Bugün acılarıma yaslanıp seni düşündüm. Bir duldalıkta vurulan hayallerimizi ve hiç gelmeyecekmiş gibi gidişini yeniden yaşadım. Hiç üzülme! Suskunluğa yeminli geceler vefasız ve ömrümüzü adadığımız dostluklar nankör çıktı… Asıl onlar vefasızlık etti ve bir ihanetin koynunda bizleri bırakıp gittiler. Gezdiğimiz sokaklar bizleri unutalı çok oldu. Avare düşlerimiz, kaldırımlara karışmış. Anlayacağın herkes ve her şey, bizi zamanından önce bırakmış! Bir sonsuz vaktin darağında, gençliğimizi teslim ettik. Yaşamak suçunu işlediğimiz için gözümüzün yaşına bakmadılar; çineğip geçtiler gün görmemiş ümitlerimizin üzerinden… Ardıma bakmaya korkar oldu gözlerim… Hem yokluğun her zamankinden daha fazla acı veriyor. Gönül bir hatıranın eteğine yapışmış ve eller yitirilmiş dost elleri aramakta…
Biliyor musun yakışıklım!
Hayat zamanla elele vermiş her şeyi unutmak mümkün belki ama gel gör ki kardeşlikte kalleşlikte unutulmuyor! Sinsi ızdırapların ardına saklandı, şerefsiz tebessümler. Hıyanet yüzlü günlerin arsız bakışları düştü gözlerimize… Bilir misin hafif acılar konuşulabilir ama derin acılar dilsizdir. Gözler yaşa alıştı, günler kedere. Hayat ırmağının dudağında bir nefes gibi ömrümüz. Yiğitler gitti yakışıklım, yiğitlik gitti dört yanımız ihanet…
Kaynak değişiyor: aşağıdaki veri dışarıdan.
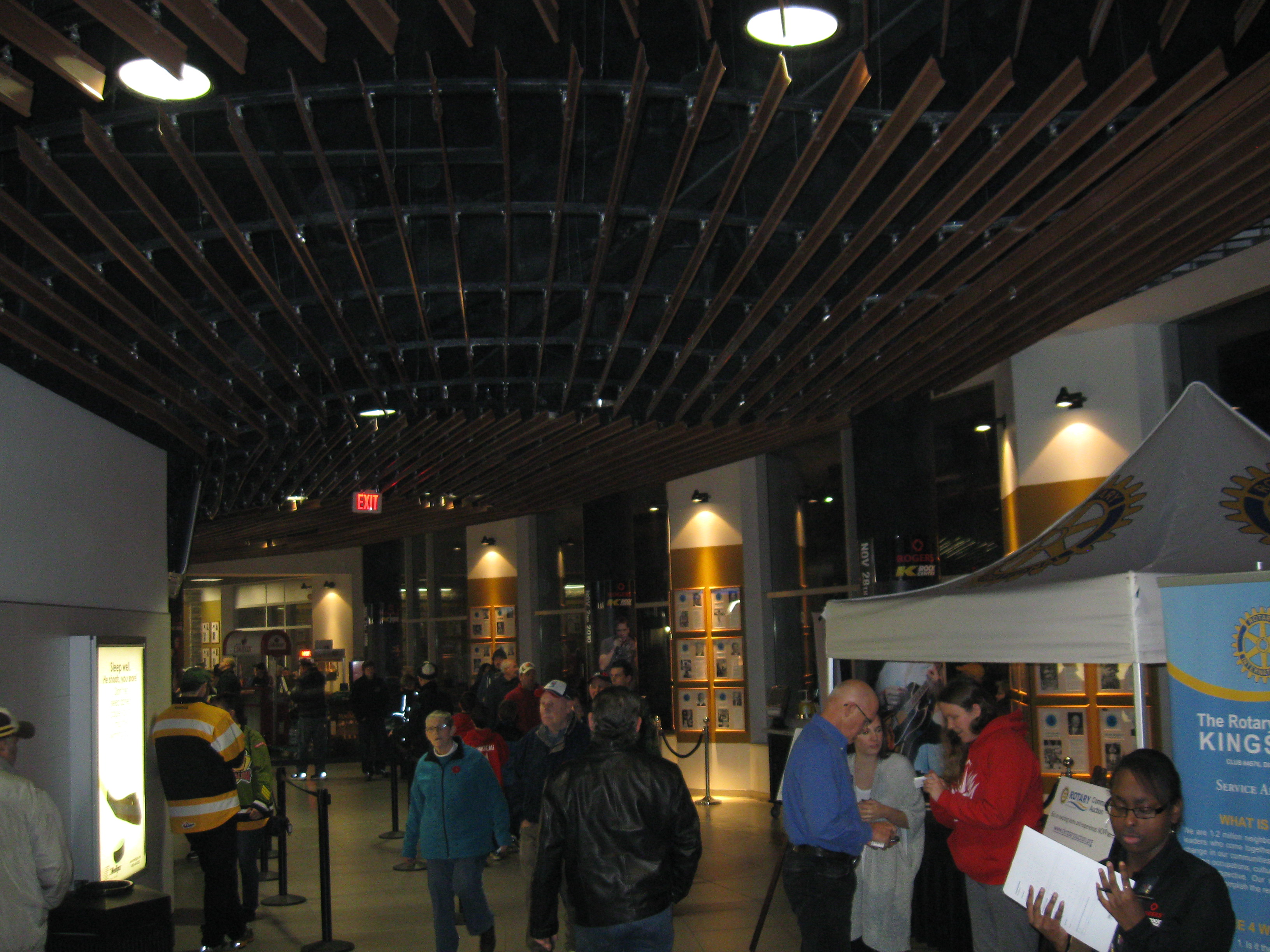 Kingston Memorial Centre was the hockey home before the new arena and this cramped, crumbling and generally uncomfortable arena opened in 1951 with seating for 3,079. It is still standing thanks to those in the community who fought hard to save the building, park grounds and the memorials to veterans. Along with other recreational activities, the Memorial Centre hosts Queen’s College hockey…..Speaking of that school, an ancient rivalry continues to this day with Royal Military College. Each winter, the two teams play an outdoor game on the frozen lake using rules and uniforms from the 1800s. How awesome is that!?…..More history can be found at the International Hockey Hall of Fame, however the original HOF is fledging and looking for a permanent home as just a temporary exhibit exists currently…..Popular musicians The Tragically Hip is from Kingston and the street in front of the new arena is known as “The Tragically Hip Way”.
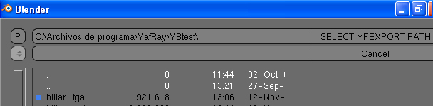 1º Yfexport: Esta carpeta pertenece a YAFRAY, y es donde se guardan los archivos realizados con Yafray con su respectivo archivo XML. La dirección que hay que conseguir es el archivo - Ybtest de la carpeta Yafray. Una vez conseguido, presionar Select Yfexport Path. Cuando hacemos un Render en Yafray, se guarda un archivo llamado YBtest, (*.tga) con la imagen y un archivo Ybtest con extensión XML. Hay que cambiarles el nombre, pues si se vueve a hacer otro render lo borrara.
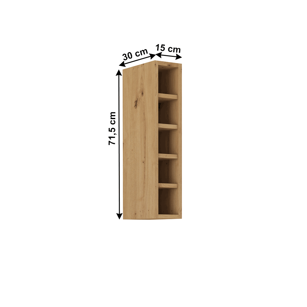 Materiál: laminovaná DTDFarba: dub artisanRozmery (ŠxHxV): 15x30x71,5 cmHrúbka materiálu: 1,6 cmOtvorenáSo 4 policamiModerný dynamický dizajnDodávané v demontePracovnú dosku dub artisan s hrúbkou 3,8cm je možné doobjednať za cenu 65 EURMožnosť dokúpiť univerzálny drez LAY ON.
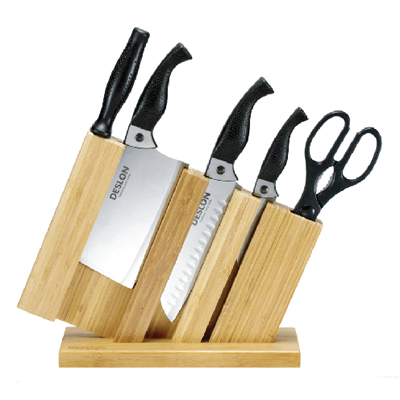 砍骨刀、三德刀、水果刀、厨房剪、磨刀棒、开槽帆船碳化竹抑菌刀座
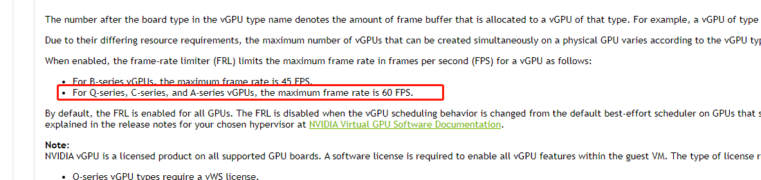 根据vGPU的类型,FRL的数值不同,如下(忽略图中的红框标注,这个图当时是给别人说事用的)
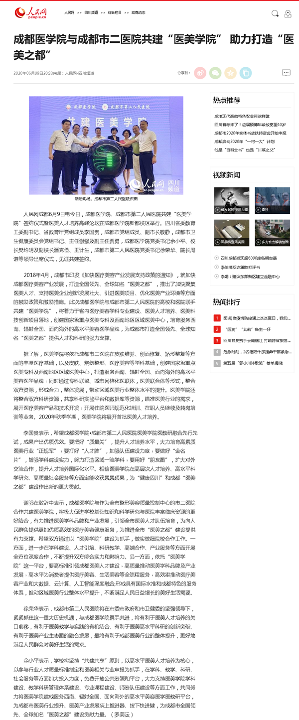 据了解,医美学院将依托成都市二医院在皮肤维养、创面修复、矫形整复等方面的丰厚医疗基础,以及皮肤、烧伤整形、医疗美容等学科基础,创建国家级重点医美专科及西南地区区域医美中心,打造服务西南、辐射全国、面向海外的高水平美容医学品牌﹔同时通过专科联盟、城市网格化医联体,医美联合体等形式,整合双方资源,形成合力,整体发展,带动区域医美行业整体水平的提升。医美学院还将整合双方科研资源,共享科研实验平台和数据库等资源,瞄准医美行业的需求,展开医疗美容产品和技术开发﹔开展住院医师规范化培训、在职人员继续及转岗培训等业务。2020年秋季学期,医美学院将展开首批医美人才培养。
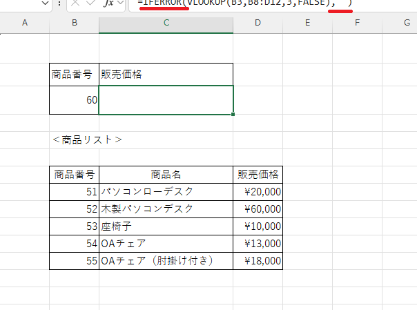iferror 空白の使用例
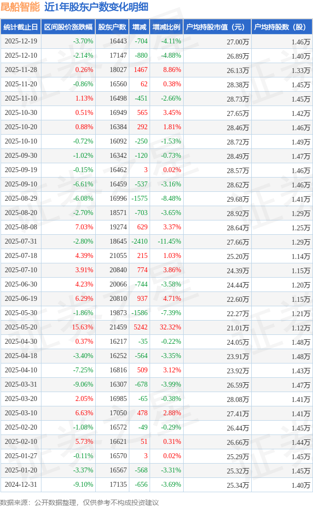 从股价来看,2025年12月10日至2025年12月19日,昆船智能区间跌幅为3.7%,在此期间股东户数减少704.0户,减幅为4.11%。
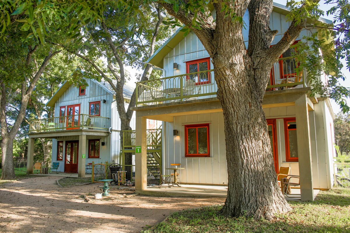 Prachtig en comfortabel, dit prachtige uitje ligt in het hart van Texas Hill Country, een mijl ten zuiden van Guadalupe St Park en naast het prachtige Park 31 trouwlocatie. Wij zijn enkele minuten van kleine steden en een grote stad die unieke en multiculturele ervaringen, winkels, restaurants en recreatie biedt. Guadalupe River Park is eenvoudig bereikbaar en biedt waterrecreatie, kamperen en dagwandelingen. Als werkende paardenranch geniet je van de nauwe interacties met onze dieren!
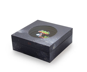 3D display screen perfume gift box with lift-off lid.
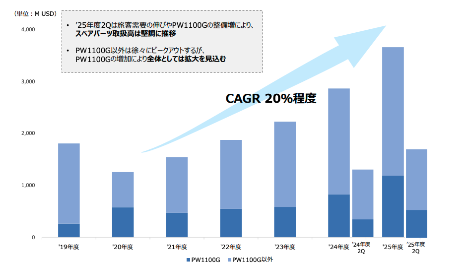一時的要因を除いた実力ベースで見ると、航空・宇宙・防衛セグメントのスペアパーツ事業が堅調に拡大しています。民間エンジン事業のスペアパーツ取扱高は、対2019年度比で200%の水準に達しており、CAGR(年平均成長率)は約20%です。これは旅客需要の回復とPW1100Gエンジンの整備需要増によるもので、中長期的にも持続可能な成長ドライバーといえます。
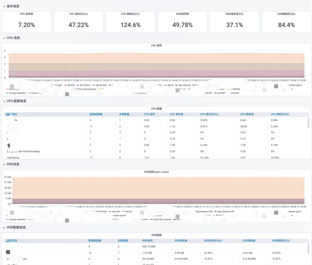 云原生 UI 根据服务端返回的 Grafana 地址,访问获取到自定义模版,界面展示。

Ömür dediğin nedir; bir bilinmez yazgının avuçlarında… Hasret; ömrün akıntısında…
Bir kalpsiz sonbahardır bugünler… Güzellikler hapishanelerde tutsak, Bu günler hazan mevsiminden kalma günler… Buğulu bir geçmişin ardına düştü her şeyden el çekmiş kırgın kalbimiz.
Mevsimler çoraklaştı, çöllerine düştük ömrümüzün…
Bir hicran süveydası bildik değil, sevdamızın vasisi oluverdik birden kanımızı içtiler birden, kanımızı içtiler kutsal bir kadehten…
Ve bugün sana hayatın boyunca saklanacağın ölümcül bir hasreti kucaklayacağın ruhsuz sütunlar bırakıyorum… Sana bir buğulu somun tadında, küçük mutluluklar ve yaralara derman olmayan merhemler… Kimsenin bilmediği emanetler bırakıyorum, yokluğun soğuk yüzünde nasır bağlamış iki çift eldik seninle…
Bugün sana; o gittiğin akşam, iliklerime ve yüreğime kadar işleyen soğukları ve toprağına yüz süren kar taneleri bırakıyorum!
Sana üç öğün hasret ve beş vakit vuslat, yüreğini sarsacak yalnızlıklar bırakıyorum! Ben gözyaşlarımla yunduğum özlemimi haykıramıyorum yakışıklım!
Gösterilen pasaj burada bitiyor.